By the time she’d searched the house for Jake’s uniform, as well as Courtney’s missing library book, she was exhausted. The early stages of pregnancy had always been like that for her. With the older two, she’d been proud of herself if she could stay awake to watch the six o’clock news. When Sarah came along, Courtney and Jake were in school and she’d napped during the day to compensate for her need for extra sleep. Now Sarah was in preschool, but only for a few hours in the morning. Naps were not in Merry’s immediate future.

It was after seven o’clock before the casserole finished baking and Merry herded all three children to the table. Guilt
pricked at her, sharp and needlepointed. A better mother would have dinner on the table at six, not seven. A better mother would have served at least two green vegetables (that everyone would eat) along with the hateful casserole. A better mother’s children would be devoted to her. That Marmee character in
Little Women
didn’t know how good she had it. Sure, her family was poor, cold, and often hungry. But when Marmee came home, the girls vied with one another to plump her cushion, bring her tea, and rub her feet. Clearly Merry had missed the boat somewhere.

“Mom? Where’s Dad?” Jake pushed the casserole around on his plate with a fork. He’d wolfed down two dinner rolls in seconds, but he wasn’t in any hurry to tackle the main course. Merry sat at one end of the long dining room table, Courtney and Sarah on her left and Jake on her right. The chair opposite Merry’s was conspicuously empty.

“He’s got a big case right now, Jake, and he’s trying to catch up on some things.

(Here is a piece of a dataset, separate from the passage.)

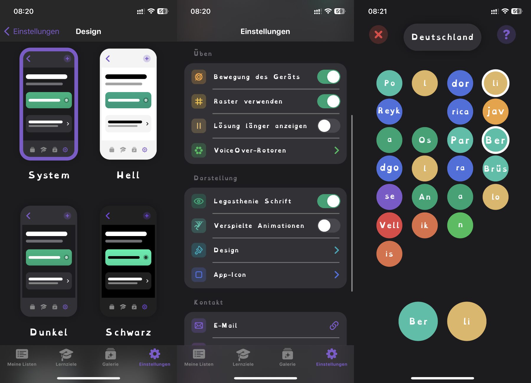 - Mehrere Lern-Modi und Aufteilungen von Lösungswörtern

I know it’s hard for you not to have him here, but it won’t be forever.” That empty chair was the price they all paid for the large Colonial-style house that backed up to the ninth fairway of the Sweetgum Country Club.

“How much less than forever will it be?” Jake looked at her with the wide-eyed innocence of a nine-year-old boy.

Merry chuckled. “A lot less than forever, honey. And Dad will be at your game tomorrow. He promised.”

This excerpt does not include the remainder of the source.